Ae. aegypti with stable germline modifications resulting in ECFP knockouts were obtained at an estimated rate of 5.5%. Knockout phenotypes were associated with one of three different variable length deletions, one to four nucleotides downstream from the PAM recognition site .

Cas9 with functional domains highlighted in relation to target DNA and guideRNA

Cas9 with functional domains highlighted in relation to target DNA and guideRNA.  The black arrows indicate the position at which Cas9 is expected to cut the target DNA in relation to the PAM site.  Dong et al (2015) saw some variability in the cut site.

Along the way, the authors encountered two surprising results useful to any researcher interested in applying CRISPR to their insect system.

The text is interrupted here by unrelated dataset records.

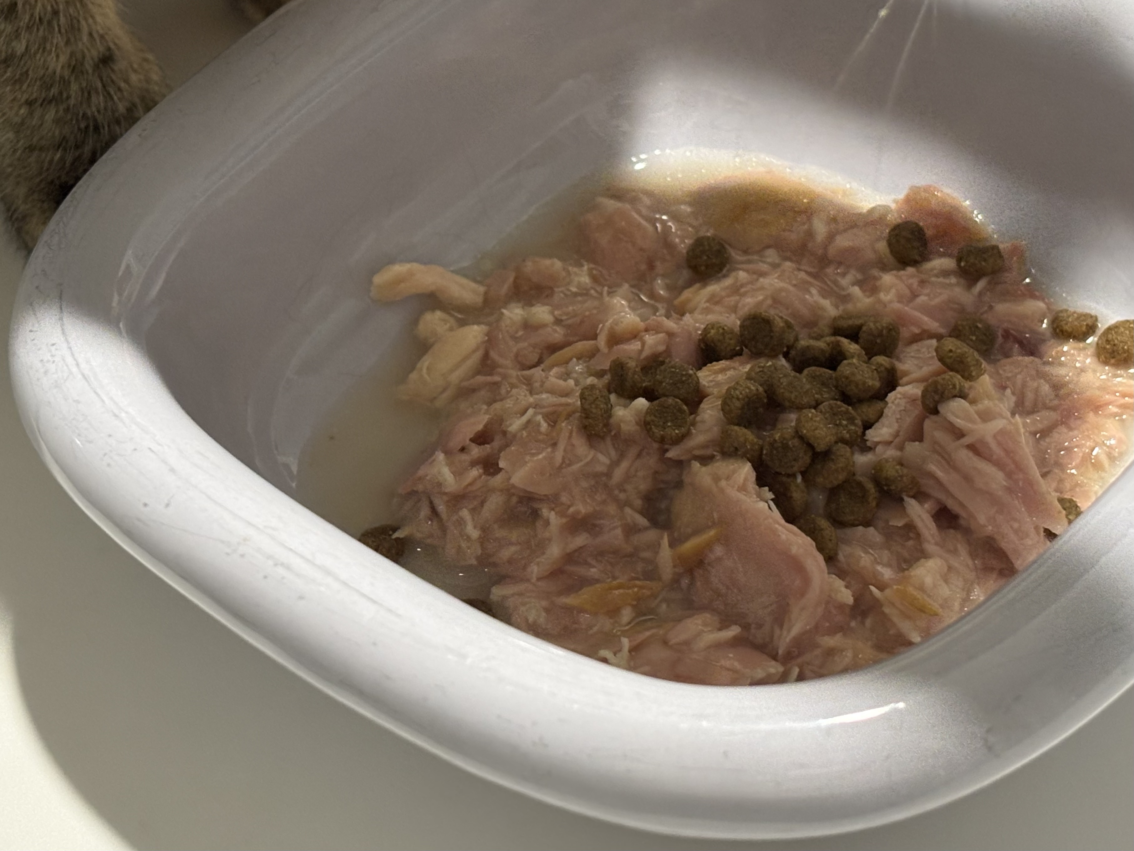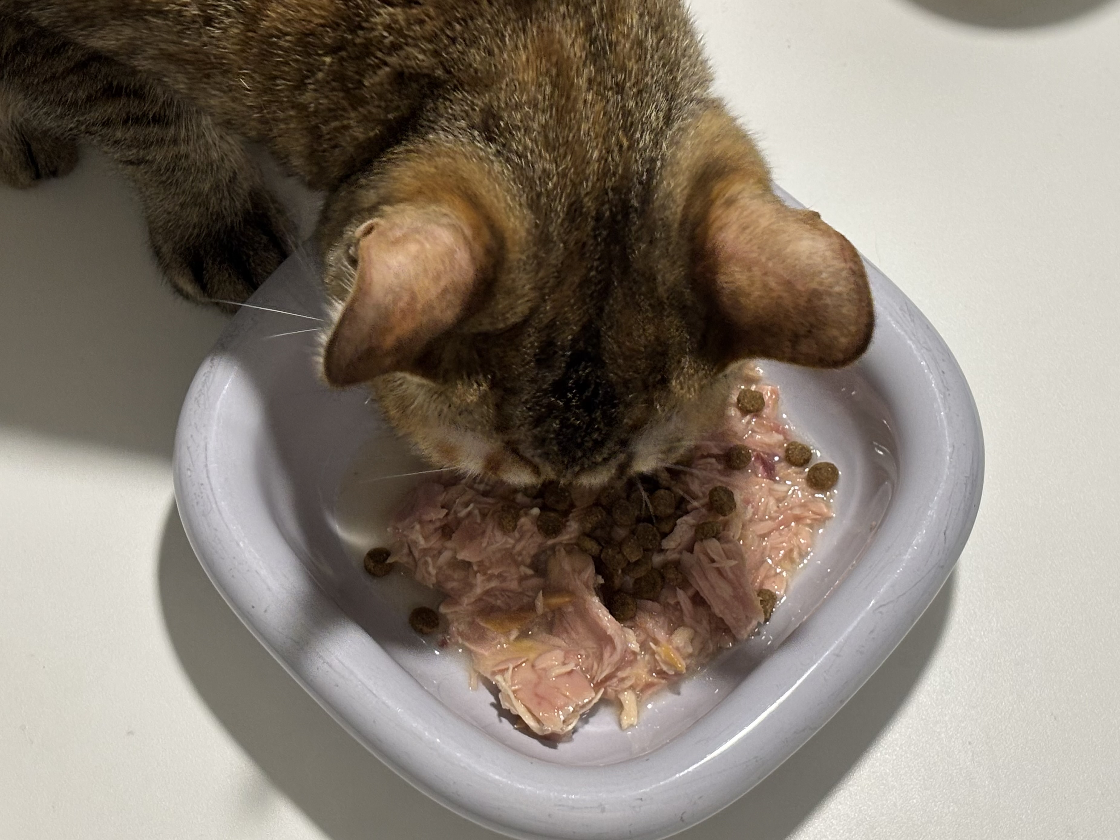 새벽이 반응도 생각보다 괜찮다. 허겁지겁 먹는 타입은 아니지만, 섞어주면 골라내지 않고 같이 먹는다. 오히려 이런 반응이 더 신뢰가 간다. 파테 식감이 지루해질 때, 이 사료가 그걸 살짝 보완해주는 역할을 하는 것 같다. 식사가 덜 지루해지는 느낌이랄까.
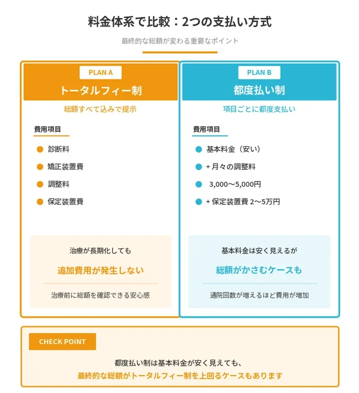基本料金が安く見えても調整料が別途かかる都度払い制では、治療期間が長くなるほど総額が膨らむ可能性があります。
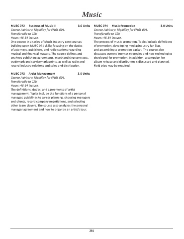 MUSC 072 Business of Music II 3.0 Units MUSC 074 Music Promotion 3.0 Units
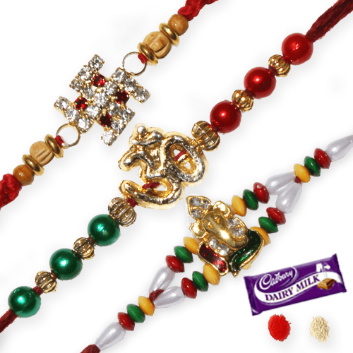 • This set contains 3 Rakhis and 1 delicious Dairy Milk Chocolate

Germline transformation was only achieved via Cas9 RNA-injection, but not through DNA-injection of Cas9-expressing plasmids. There are multiple methods of delivery for the Cas protein and sgRNAs used for CRISPR genome editing. These include injection of plasmids containing DNA sequences that code for needed elements, injecting in vitro made mRNAs, and directly injecting purified Cas protein in the organism. None of the embryos that were injected with plasmid DNA produced transformed offspring. This was surprising because injection of plasmid DNA was sufficient for transformation in both Drosophila melanogaster and Bombyx mori, and the promoters used to drive expression of CRISPR/Cas9 had previously been successful at driving gene expression in Ae. aegypti. These results by Dong et al. (2015) were substantiated in another recent study of CRISPR/Cas9 in Ae. aegypti, where Kistler et al. (2015) were also unable to achieve germline transformation through Cas9-expressing plasmid DNA delivery methods.

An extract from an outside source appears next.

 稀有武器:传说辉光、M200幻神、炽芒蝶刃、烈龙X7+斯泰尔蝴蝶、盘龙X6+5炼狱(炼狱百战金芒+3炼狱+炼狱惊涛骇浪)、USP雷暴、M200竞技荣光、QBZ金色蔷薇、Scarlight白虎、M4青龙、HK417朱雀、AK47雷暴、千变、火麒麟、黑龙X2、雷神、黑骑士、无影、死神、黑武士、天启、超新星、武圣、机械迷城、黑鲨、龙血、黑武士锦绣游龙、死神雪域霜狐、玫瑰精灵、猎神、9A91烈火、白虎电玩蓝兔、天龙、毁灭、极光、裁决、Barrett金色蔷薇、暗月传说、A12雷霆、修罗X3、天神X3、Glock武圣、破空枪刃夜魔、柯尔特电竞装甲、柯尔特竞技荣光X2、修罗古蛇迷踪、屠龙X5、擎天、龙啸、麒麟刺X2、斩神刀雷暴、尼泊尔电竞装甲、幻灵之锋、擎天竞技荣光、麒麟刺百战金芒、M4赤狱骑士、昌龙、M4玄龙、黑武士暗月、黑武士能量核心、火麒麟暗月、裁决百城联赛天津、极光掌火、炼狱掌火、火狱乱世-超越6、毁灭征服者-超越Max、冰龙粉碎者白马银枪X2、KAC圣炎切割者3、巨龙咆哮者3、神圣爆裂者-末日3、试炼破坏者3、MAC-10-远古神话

Aedes aegypti, Image credit Matt Bertone, North Carolina State University

Not all guide RNAs are created equal. The goal of the authors was to excise a long DNA fragment from their transgene, and so simultaneously injected two different sgRNAs targeting two different nucleotide sequences 450 bp apart. Small deletions were only produced downstream of one sgRNA. This was surprising because the authors had taken great care to ensure that the GC content, a factor known to influence sgRNA efficacy, was equal for each of their sgRNAs.

This research contributes to the vector biology community by providing time-saving insights for developing anti-pathogenic strains of mosquitoes and, more generally, can provide those working on other insects and planning to use the CRISPR/Cas9 system with a starting point for designing their experiments.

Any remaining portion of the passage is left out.